Please note that the numerous and valiant ships of the heroic Islamic
Federation are certainly as real as those of the ignominious and
uncircumcised infidel dogs of the self-proclaimed New Roman Empire!
Humph!
: )
> Richard Slattery wrote:
> > The cumulative chance to lose a system is
Nope. I've done too many simulations and battles over the last two years
trying to balance weak systems in general to do that.
> Hardened systems cannot fail at all until the second threshold
Not exactly. It is only a major bonus if it means that you'll have more
firepower available than your enemy at some time during the battle. If
you start out with only 2/3 the firepower of your enemy it doesn't
matter that he'll start losing some of his earlier, because *you* will reach
the second treshold before *he* does... and he is very likely to outgun you by
a respectable margin even after his first treshold.
If the mass penalty for hardening is only 25%, you'll still be outgunned until
the enemy takes his 2nd treshold check (though you won't be far behind after
the first) and you'll still take *your* 2nd treshold check before he takes
his, but you'll have so much more firepower left (in absolute terms, not
relative) than he does after the 2nd and 3rd checks that you'll be able to
mutually annihilate each other <g> If the mass
penalty is 50%, you won't catch up - unless you're lucky early on, of
course, but you'll lose far more battles than you win.
> For selected systems it seems rather cost effective.
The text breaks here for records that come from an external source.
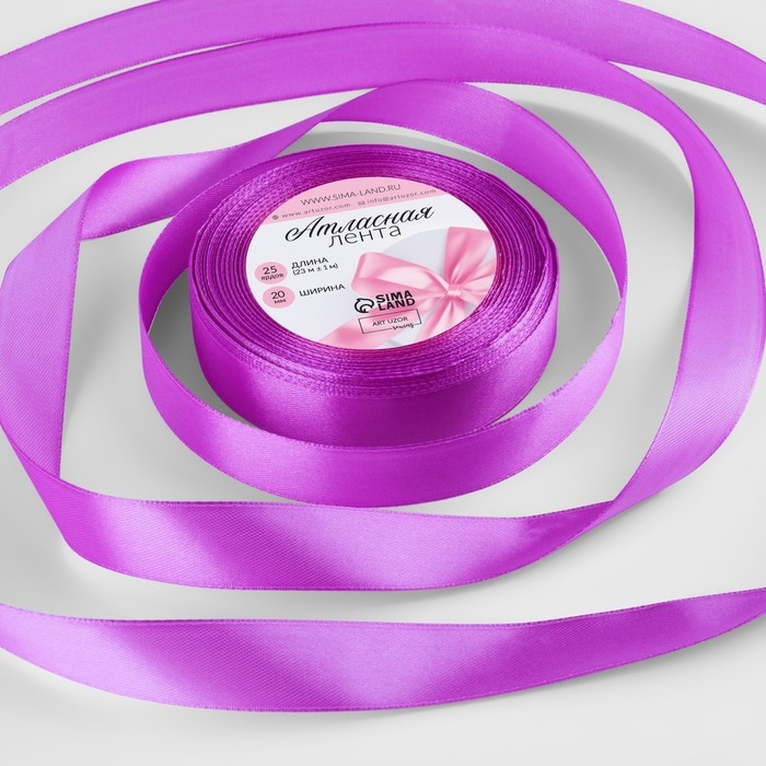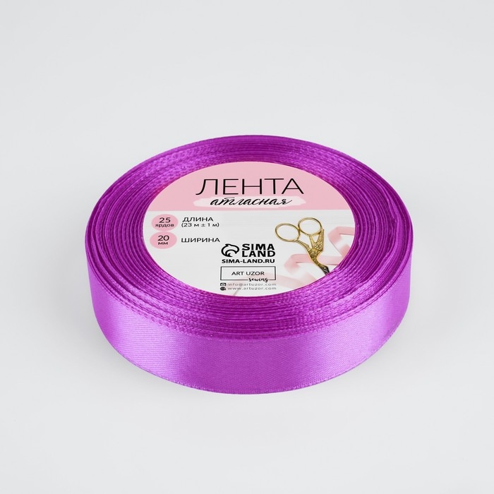 Лента атласная, 20 мм × 23 ± 1 м, цвет фиалковый №255
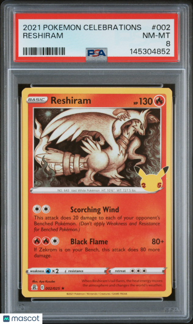 You are purchasing a 2021 Pokemon Celebrations Reshiram PSA 8 #002. You will receive the exact item in the photographs. Thank you for looking.
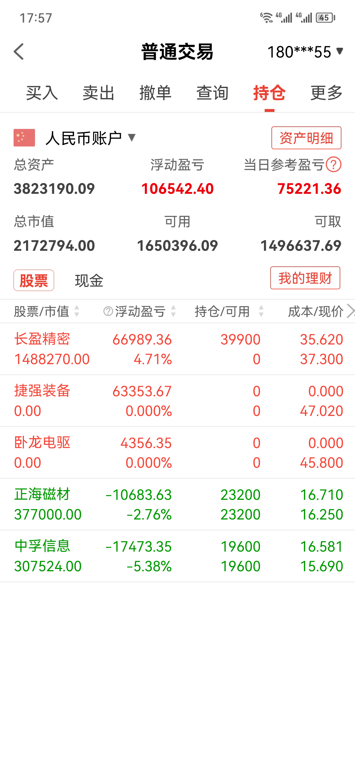 今日早上数据跳动时,微幅的高开给人了很大的悬念。随机微幅震荡走高中,步步一个台阶。小心翼翼、如履薄冰,震荡走高中。截止到 3 点数据停止跳动时,上升了 几乎接近于 1%,又是欣喜若狂的一天。可盈各标情况简单的概括一下。首先,军工类地面兵装2,300875 捷强装备,其从业绩上看是比较差的,市盈率静态和动态都处在亏损中。上涨动能缺乏,在了有一段时间了。早上冲高水面上一点,不恋战了,出来了。电机行业类的嗯600580 卧龙电驱也是在了有一段时间了,曾经一度来来回回的坐电梯,今天看形态上是反包之势,但是依旧不格局了。拿着有点累了,盘中阶梯式走高,午后飞升的过程中不恋战出来了。
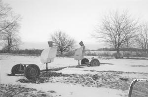 He bought the running gear at a sale for $35 and turned it upside down so the feeders would be low enough for cattle to eat out of them. He removed the original 18-ft. long coupling pole and welded on a length of 4 by 4 steel tubing between the front and rear axles. The metal stand on each feeder was rusted out so he replaced it with a welded-on length of steel pipe. The pipe fits into a hole that he cut into the steel tubing.
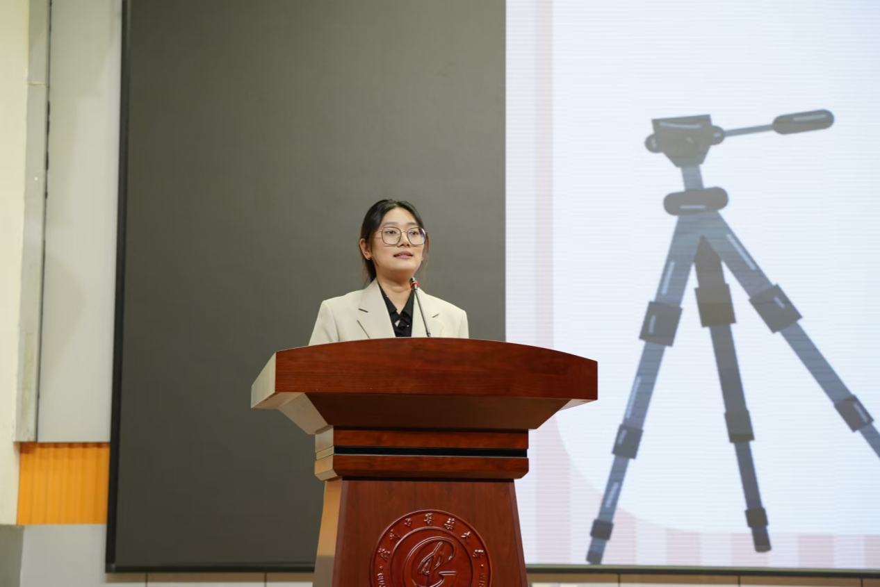 在观众的热烈掌声中,一院心辅站指导老师黄婷老师上台发表了热情洋溢的致辞,表达了对本次微电影大赛的期待与祝福,正式拉开了决赛的帷幕。随着主持人对各参赛作品的精彩介绍,一部部精心制作的心理微电影在大屏幕上依次展现。每部作品播放结束后,参赛队伍代表自信地走上舞台,充满热情地分享他们的创作理念,为团队争取支持。在昏暗的灯光下,大屏幕上的微电影成为了焦点,嘉宾和观众都全神贯注地沉浸在电影的世界中。每部微电影都是一个独特的心灵之旅,深刻地展现了心理内涵与电影艺术的巧妙结合。
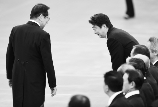 ◥8月15日,在“全国战殁者追悼仪式”上,安倍晋三跟福田康夫打招呼。福田曾在2012选举中以自己退选的方式帮助安倍获选自民党总裁,安倍视福田为“前辈”。
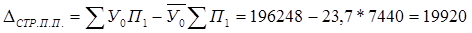 Абсолютное изменение валового сбора за счёт изменения посевных площадей, ц:
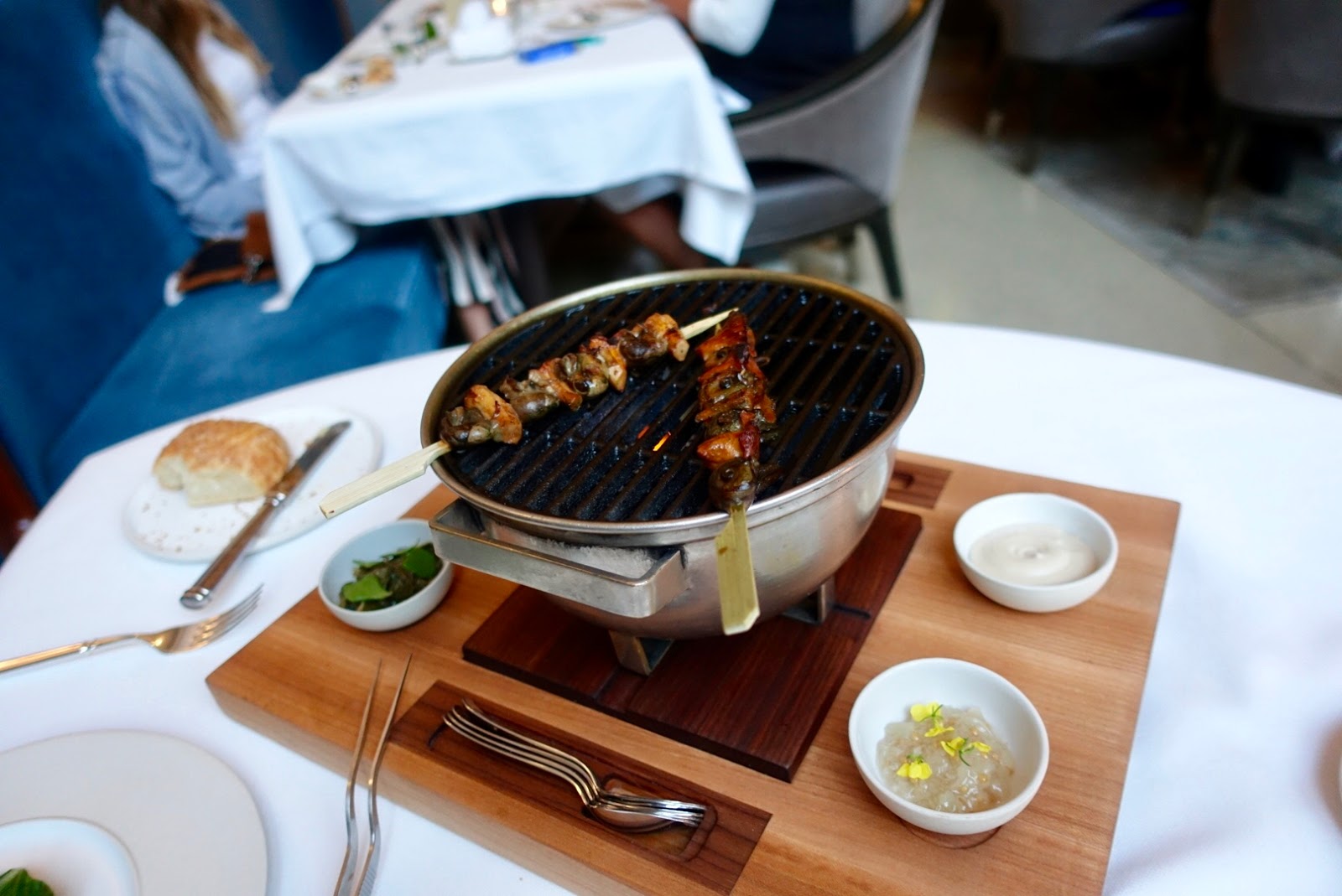 Next was a tabletop grilling, little grey snails – locally sourced and feeding on mint – and chanterelles on skewers got their finish tableside. This was fun to watch!
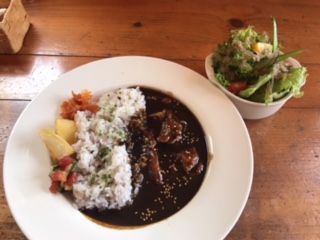 糸島のカフェで食べた黒カレー

Two firecons that
> don't even have a chance of being destroyed until the ship is half
Average number of FCs available for:
Treshold: Hard: Standard:
0 2 3
1 2 2.5 2 1.67 1.67 3 1.11 0,83
This uses the 50% Mass penalty, or my 25% but rounded up (assuming no other
hardened systems on the ship).
On average, the only time when the "hard" FCs are more numerous than the
standard ones are after the 3rd treshold check. Yes, the certainty that
you won't lose all of them (and thus all your firepower) is nice -
that's
what you pay for, after all - but most of the time you'll have fewer FCs
available than a ship using normal ones for the same Mass would have. Unless
you're one of those people who only roll "6"s on the treshold
checks, of course - it's no coincidence that many of my older (FT2)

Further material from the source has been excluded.